Gender: A socially constructed concept often limited to male and female. Gender is usually associated with specific roles, behavior, activities, and mannerisms that society assigns to it.
Sexual orientation: An individual’s emotional, romantic, and sexual attraction to men, women, or both. Sexual orientation can vary along a continuum, including heterosexual (having emotional and physical attraction to someone of the opposite sex), homosexual (having emotional and physical attraction to someone of the same sex), or bisexual (having emotional and physical attraction to both sexes).
How to Be an Ally to an LGBTQIA Teen
The truest sense of the word ally means that you’re willing to fight against the oppression and harm that LGBTQIA individuals experience. However, ally can simply mean providing your support, and you can do that in the following ways:
- Be accepting. One of the most powerful ways you can help an LGBTQIA teen is to accept them for who they are. Others might be quick to judge them because they don’t fit into society’s neat categories of gender and sexual orientation. If you’re willing to be a friend and refrain from being judgmental, then you’re already supporting your teen in huge ways. This can be hard for parents, especially with strong religious backgrounds. Yet, accepting LGBTQIA teens can not only help them feel better but it can also support their emotional and mental health.
- Develop a relationship. If you are a parent or an adult in an LGBTQIA teen’s life, another incredibly powerful way to be supportive is to be in your teen’s corner. Many LGBTQIA teens don’t have too many people on their side because of the ways they may challenge conventional living. Letting a teen know you’re there for them and that you’re looking out for them can help them feel safe, loved, and accepted.
- Educate yourself. The information provided above is only a fraction of what there is to learn about LGBTQIA life. There’s also cross dressing, drag queen, gender queer, androgynous, multi-gendered, and more. The point is that even if a teen may be displaying behavior you haven’t yet come across doesn’t make them odd. Educate yourself first before making judgments.

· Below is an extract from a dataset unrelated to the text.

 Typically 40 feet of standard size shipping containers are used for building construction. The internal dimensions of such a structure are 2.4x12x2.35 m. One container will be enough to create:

- Get involved. To further support an LGBTQIA teen, there may be a club, committee, meeting, or event that you can attend with them. Some school have a Gay/Straight Alliance (GSA) and communities have PFLAG events. PFLAG stands for Parents, Families & Friends of Lesbians and Gays and is one of the largest communities of support for the LGBTQIA
- Confront your own biases and judgments. Anyone raised in Western society is going to have conditioned ideas, beliefs, and judgments toward those who do not fit into sanctioned sexual orientations or gender identities. Often, individuals possess biases without even knowing about them. If you have an LGBTQIA in your life, be honest with yourself about your judgments and assumptions. Remember that there is no one way to be gay or lesbian or bisexual. Teens may express their gender, sexuality, and LGBTQIA lifestyle in a wide range of ways.

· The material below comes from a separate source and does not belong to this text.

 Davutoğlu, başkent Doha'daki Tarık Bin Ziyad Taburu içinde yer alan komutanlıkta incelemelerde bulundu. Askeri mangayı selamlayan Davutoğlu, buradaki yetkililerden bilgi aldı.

Lastly, watch out for your LGBTQIA teen’s mental health. At the start of this article was mention of the challenges that LGBTQIA teens face. If you notice that the teen in your life is becoming emotionally distressed, it’s important to get professional support. Suicide, homelessness, and substance use are commonly associated with LGBTQIA individuals, due to the hardships they have to bear. You can further support them by linking them up with a mental health professional.